Step 2: Setup the development environment

In your terminal, simplify run

nix develop --impure

After you enter the nix shell, run:

curl -s https://get.nextflow.io | bash

And thats it! The beauty of nix allows it to be this simple to make everything ready.

Step 3: Prepare anaylsis

By now, your folder should have the following structure:

> ls
  sheet.csv
  README.md
  nextflow.config
  nextflow
  flake.nix
  flake.lock
  conf/
  <cut-run experiment files>.fastq.gz
  ...

Before running the analysis, we have to configure the pipeline. There are two main config files. Which we will be discussing now:

NOTE: these two parts from the pipeline's usage page

Configuring nextflow.config

The nextflow.config file is for tuning the parameters in the run. The most important segment to modify for running this on any system are the following lines which tell the pipeline how much memeory to use:

    // Max resource options
    max_memory                 = "60.GB"
    max_cpus                   = 10
    max_time                   = "1000h"

The authors have dedicated ~6GB of ram per CPU core, please maintain that ratio.

The max_time variable is only important for running it on clusters like compute-canada. For running on your own system you can set this as high as you want.

If the quality of the alignment is not good, you can modify it by reading the Pipeline Configuration Options for the pipeline.

Configuring sheet.csv

The sheet.csv file is for inputting the sample metadata for the nextflow function.

The table showing the sheet.csv config file.

To fill it for your own data, do the following:

  1. Each sample is in one row.
  2. Put the group the sample belonds in the group column.
  3. Put which replicate it is (aka if you have two samples with the same group, give one the number 1 and the other the number 2)
  4. Put the corresponding R1 and R2 fastq files in the fastq_1 and fastq_2 columns.
  5. If the group is not IgG control: Add the igg_ctrl at the end to specify the controls.

And with this you are good to go!

Step 4: Run the analysis

To run the analysis, simplify run this command.

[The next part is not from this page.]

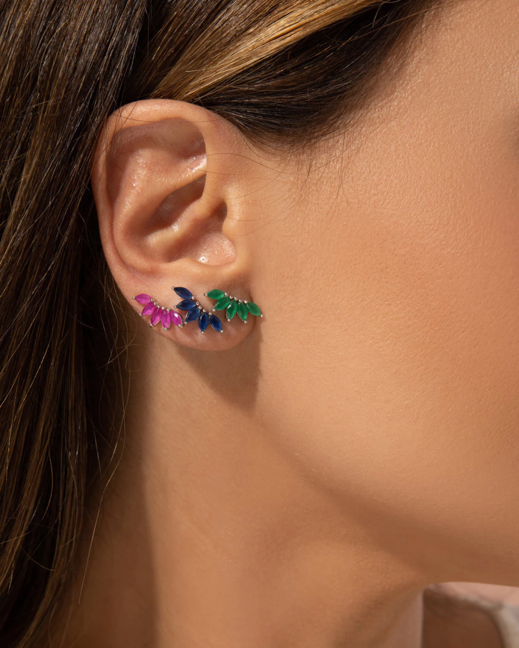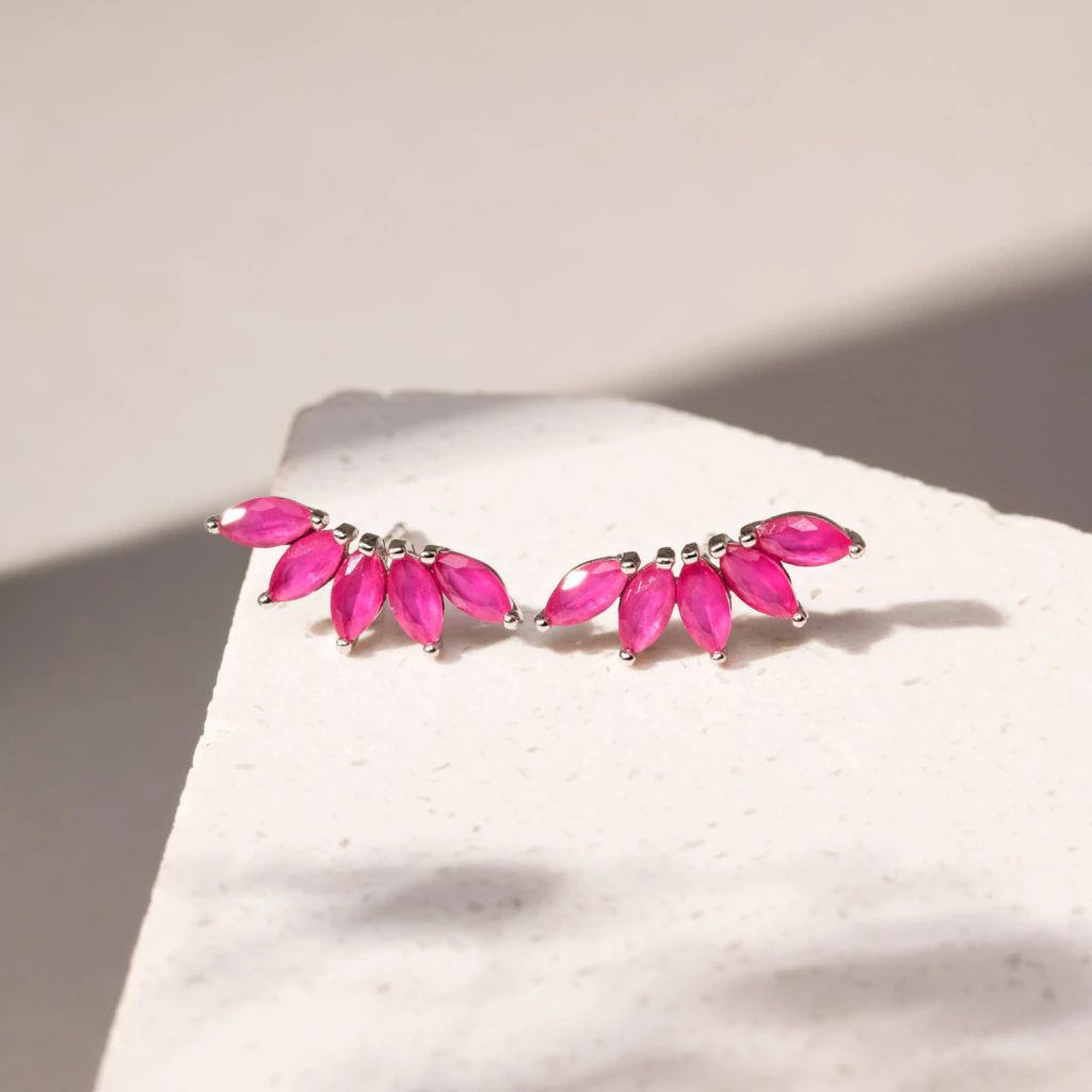 Brinco estilo ear cuff com cristais navetes na cor vermelho rubi.

./nextflow run nf-core/cutandrun -r 3.2.1 --input ./sheet.csv  --outdir ./results/ --genome GRCh38 -profile docker -c ./nextflow.config --save_reference --save_trimmed

The main things that you may have to change for your sample are:

  1. Selecting the correct specie: Change the --genome argument to the specie of your choice. Please see the igenome website to select the correct genome.
  2. Updaing the version in the -r argument.
  3. If you want the process to run in background at -bg option to the command.

NOTE: IT IS EXTREMELY IMPORTANT

Step 5: Results of the analysis.

All the results are in the ./results/ section.

The most important folder is ./results/03_peak_calling/05_consensus_peaks/ since it has the files declaring where are the peaks.

The quality control graphs are in ./results/04_reporting/ folder with many graphs which you can use to check the quality. Some files to look at would be:

04_reporting/multiqc/multiqc_plots/pdf folder

mqc_fastqc_sequence_counts_plot-2_1.pdf

  • Check for consistency of sequence counts across the samples.
  • Check if you have too much duplicated reads in the sample.

mqc_fragment_lengths-plot_1.pdf:

  • Check if the fragment length distribution is expected for your experiment.

mqc_fastqc_per_base_sequence_quality_plot-2_1.pdf

  • Check if the sequences have consistently high quality across the base pairs

mqc_fastqc_per_sequence_quality_scores_plot-2_1.pdf

  • Check if all the sequences (aka the curve) are in the high quality region.

mqc_fastqc_per_sequence_gc_content_plot_Percentages.pdf

  • Check if the GC content is too high for the sequence.
  • Check if you have multiple peaks: This might indicate contamination.
  • Check if any of the curves are red-colored: This might indicate contamination.

mqc_fastqc_sequence_duplication_levels_plot-2_1.pdf

  • Check to see if there are peaks in the right of the axis. This might indicate a problem with the alignment/protocol.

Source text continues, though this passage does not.